The aim of this study was to characterize the evolution of Chinook 
salmon chromosomes relative to that of other salmonids following 
a whole duplication event in a common ancestor. This goal was 
achieved by improving the genomic resources for the species and by 
performing comparative mapping. We have developed a reference 
database of RAD loci for Chinook salmon comprising 48,528 non- 
duplicated loci and 6409 known duplicated loci. We identified 7151 
polymorphic RAD loci in three haploid families that were used, along 
with 153 SNP loci currently used in conservation and management 
studies, to create a consensus map with a length of 4163 cM. The map 



comprised 34 linkage groups, which were anchored to all Chinook 
salmon chromosome arms using microsatellite loci that have been 
physically mapped in previous studies.
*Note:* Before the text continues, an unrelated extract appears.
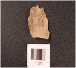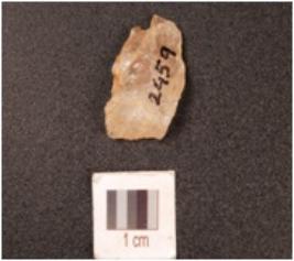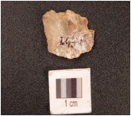 | Description / विवरण | Fragment of a end-struck flake with cortex on dorsal side, broken along proximal end, use-wear marks along one end. |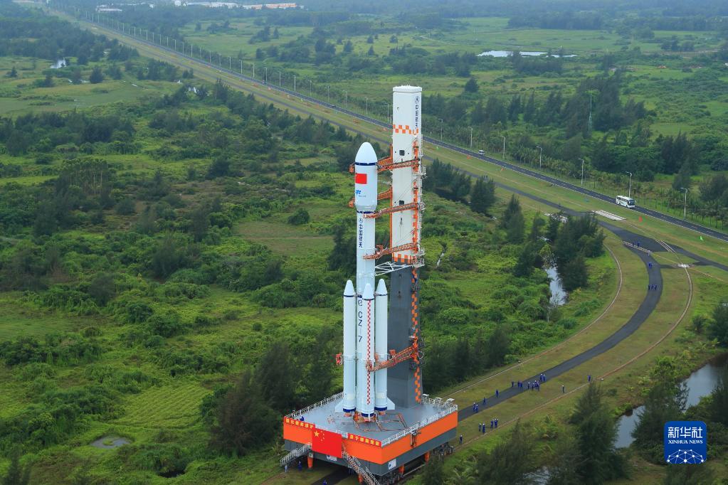 5月7日,天舟四號貨運飛船與長征七號遙五運載火箭組合體在垂直轉運?!⌒氯A社發(楊志遠 攝)

The placement of 799 
duplicated loci on the linkage map revealed an uneven distribution 
of these loci across chromosomes, suggesting that homeologs diverged 
at different rates following whole genome duplication. Crossover 
frequency measured in one haploid family confirmed near complete 
interference across chromosome arms. Finally, the genome map 
supports previously published homologies among rainbow trout 
and Chinook salmon chromosome arms, but these homologies are 
supported using more extensive data and centromere placement. 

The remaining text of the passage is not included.